Basket Moon
- Front cover, designed by Barbara Cooney
- Author: Mary Lyn Ray
- Illustrator: Barbara Cooney
- Language: English
- Genre: Children's Book
- Publisher: Little, brown and Company
- Publication date: 1999
- Publication place: United States

= Basket Moon =

1999 children's book by Mary Lyn Ray and illustrated by Barbara Cooney

Basket Moon is a 1999 children's book by Mary Lyn Ray. It was illustrator Barbara Cooney's last children's book, published six months before she died. The book depicts the folk art of basket-making in the Hudson Valley of New York.

==Plot==
Basket Moon is set in Columbia County, New York. The book details a 19th-century boy who makes baskets and sells them in town, similar to Cooney's earlier book, Ox-Cart Man, which received the 1980 Caldecott Medal. He dreams of selling baskets in the town of Hudson, and finally makes the trip on foot with his father, under the full moon.
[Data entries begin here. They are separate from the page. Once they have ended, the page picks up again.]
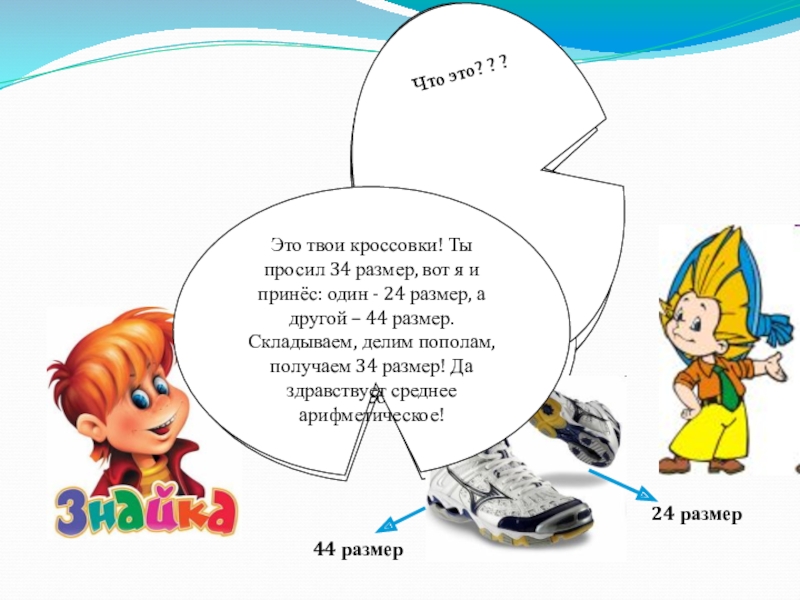 Это твои кроссовки! Ты просил 34 размер, вот я и принёс: один - 24 размер, а другой – 44 размер. Складываем, делим пополам, получаем 34 размер! Да здравствует среднее арифметическое!
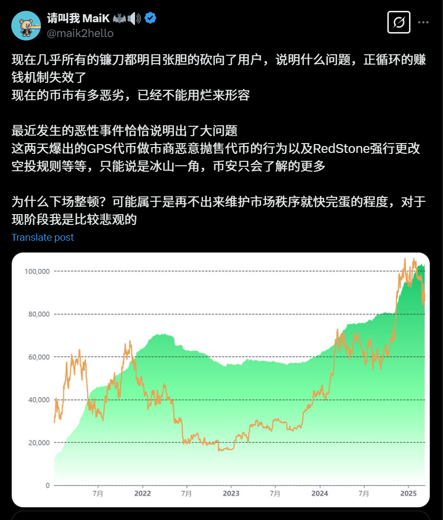 这些事件让人不禁联想到币圈的顽疾:信息不对称、规则更改随心所欲,强者「收割」散户。正如推特网友 @maik2hello 在帖子中感叹:「现在的币市,『烂』都不够形容了。」
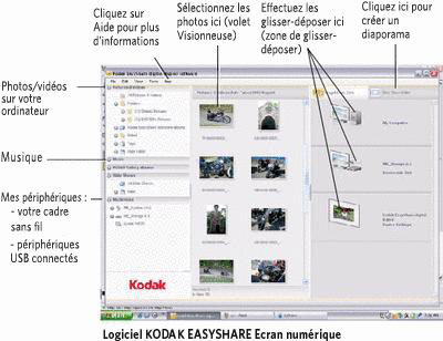 Le logiciel KODAK EASYSHARE Ecran numérique (inclus dans le CD fourni avec votre cadre) vous permet de glisser-déposer (copier) des photos, vidéos et musique entre votre cadre et votre ordinateur ou appareils connectés (Connexion d'un appareil photo numérique ou d'un autre périphérique USB) à l'aide d'une connexion sans fil.
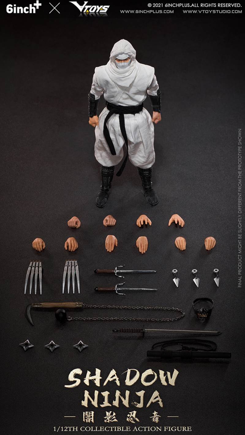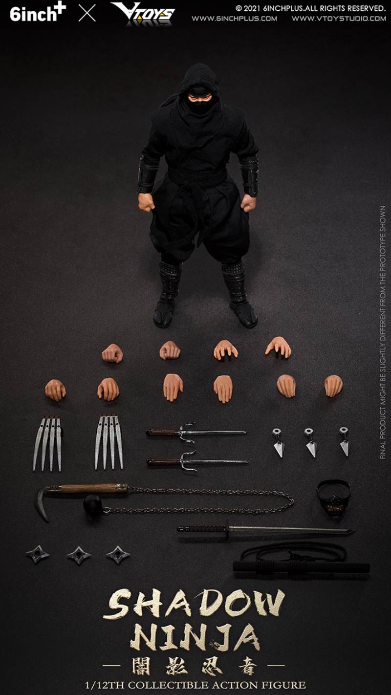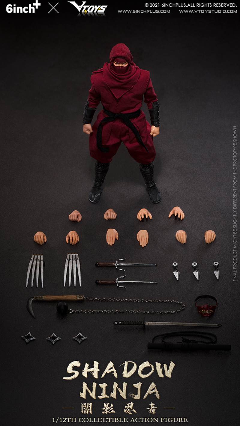 VTOYS X 6INCH+ Shadow Ninja 6inch 1/12 Collectible Action FigureBrand: 6INCH+ X VTOYSScale: 1/12Size: About 16cm highType: Collectible Action FigureProduct No.:SN001(black) ;SN002(red);SN003(white)Deadline: November 26, 2021Release Time : First quarter of 2022Official spot price: 399 rmbAccessories:Body x1Head carving x1Hand x12Ninja clothes x1Ninja knife x1Scabbard x1Prajna mask x1Kunai x3Lock sickle x1Triangular steel fork x2Four corner dart x3Steel claw x2
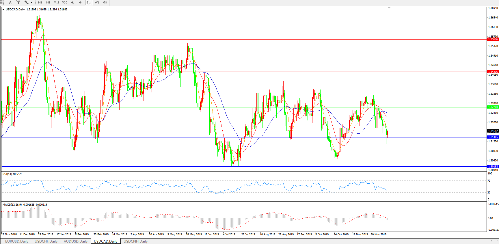 技术面简析:日线图均线再度呈空头排列,汇价持续震荡走弱,MACD在0轴上方持续走弱下穿0轴且量能0轴下方微放量,RSI震荡走低,短期汇价需关注1.3140附近支撑,预计汇价存进一步下行空间。
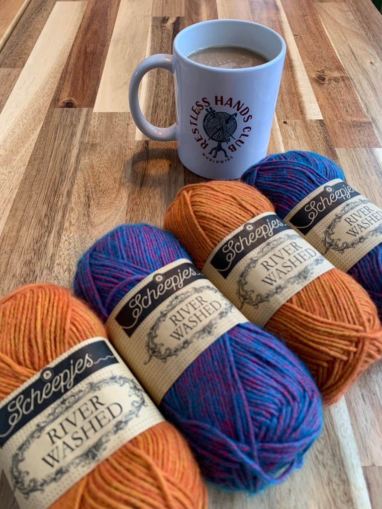 You will need 9 balls of the main color, which in my case will be the blue Colorado and 7 balls of the pattern color which is the orange Mersey.
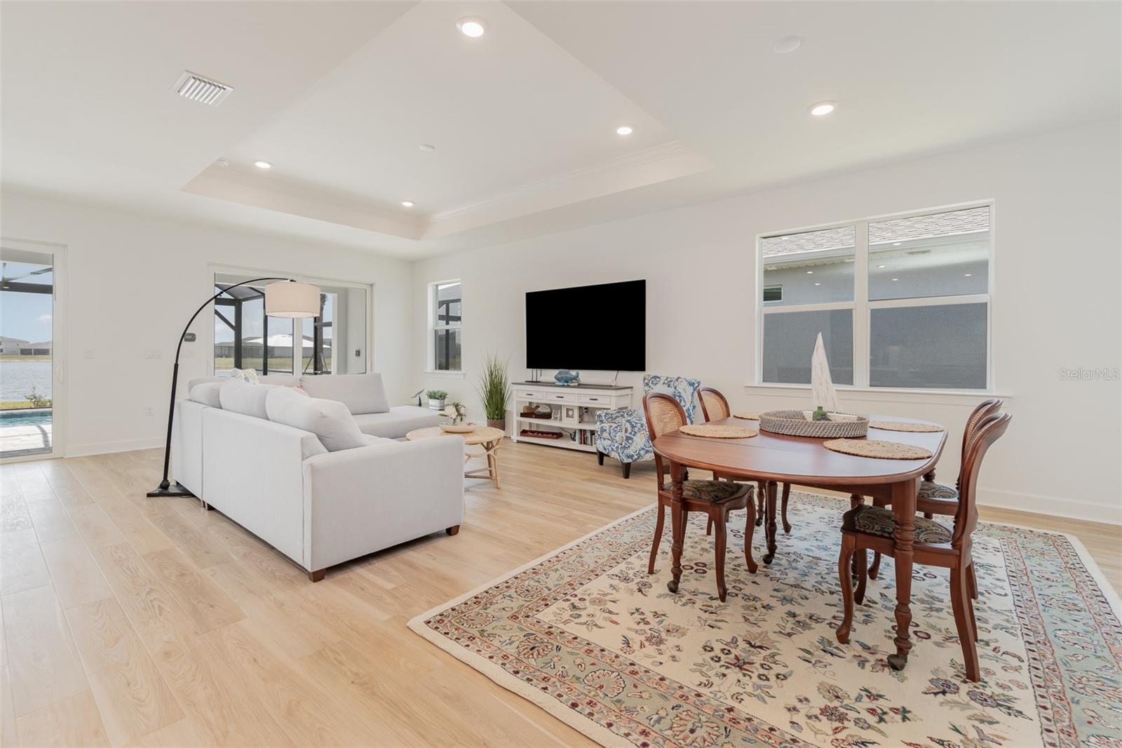 Luxurious Lakeview Oasis in Babcock Ranch Nestled on a premium $90,000 lot, this stunning 3-bedroom plus den, 2-bath home is the epitome of lakeside luxury living. Offering breathtaking panoramic views of the serene lake, this exceptional residence combines elegance, comfort, and modern convenience. With a custom heated saltwater pool and extended lanai, it is the perfect retreat for both relaxation and entertaining. As you step inside, you'll be greeted by an open-concept floor plan that flows seamlessly, adorned with high-end finishes and upgrades throughout. The expansive living area features an upgraded extended gathering room, tray ceiling, and large glass sliding doors that invite natural light and showcase the stunning lake and pool views. The home boasts luxurious vinyl plank flooring throughout, creating a sleek, modern aesthetic that complements the spacious design. The chef-inspired kitchen is a true masterpiece, featuring top-of-the-line built-in appliances, designer cabinets and hardware, and a stylish upgraded backsplash. Whether you're preparing a gourmet meal or enjoying casual dining, the adjacent dining area provides an ideal space for family gatherings or entertaining guests. The private primary suite is a tranquil retreat, offering panoramic lake views through large windows and a tray ceiling that adds to the room's spacious feel. The en-suite bath features a generous-sized spa shower, dual sinks, and a large walk-in closet – a perfect sanctuary for relaxation. Two additional bedrooms and a full bath offer plenty of space for family and guests, while the versatile den provides options for a home office, playroom, or reading nook. Outside, the extended lanai with picture window screens offers an idyllic outdoor living experience. It's prepped for an outdoor kitchen and is the perfect spot for alfresco dining, lounging by the pool, or soaking in the peaceful lake views. The home also features an upgraded 4-foot extension in the 2-car garage, providing additional space for storage or larger vehicles. Living in Babcock Ranch means access to a wealth of world-class amenities, including community pools, pickleball and tennis courts, nature trails, multiple boat ramps, dog parks, and more. Experience weekly live concerts, Food Truck Fridays, farmers markets, and a vibrant social calendar all within this sustainable, solar-powered community. This is more than a home—it's a lifestyle. Don’t miss your chance to own this lakeside gem in NorthRidge, Babcock Ranch. Schedule your private showing today and experience the ultimate in luxurious living.
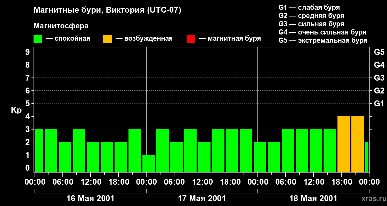 Изменения геомагнитного индекса Kp с 16 по 18 мая 2001 года для средних широт
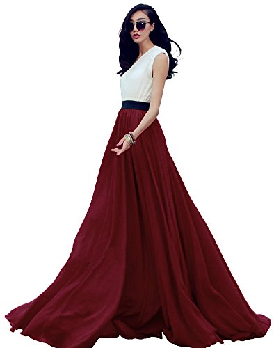Urban CoCo Women's Summer Chiffon Mopping Floor Length Big Hem Solid Beach Maxi Skirt
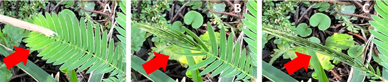 Hojas compuestas de M. pudica. Completamente “abiertas” previo al tacto (A), algunas décimas de segundo después el tacto (B) y completamente “cerradas” tras percibir el estímulo (C)

After their trip, the townspeople mock them for being hillbillies, but the boy's neighbor reminds him of the value and skill of his craft.

==Reception==
The book was praised by Education Week, which noted Cooney's illustrations for imparting "a strong sense of place," as well as Ray's coming of age story. Kirkus Reviews also praised Ray's "touchingly luminous" story and Cooney's "poetic paintings."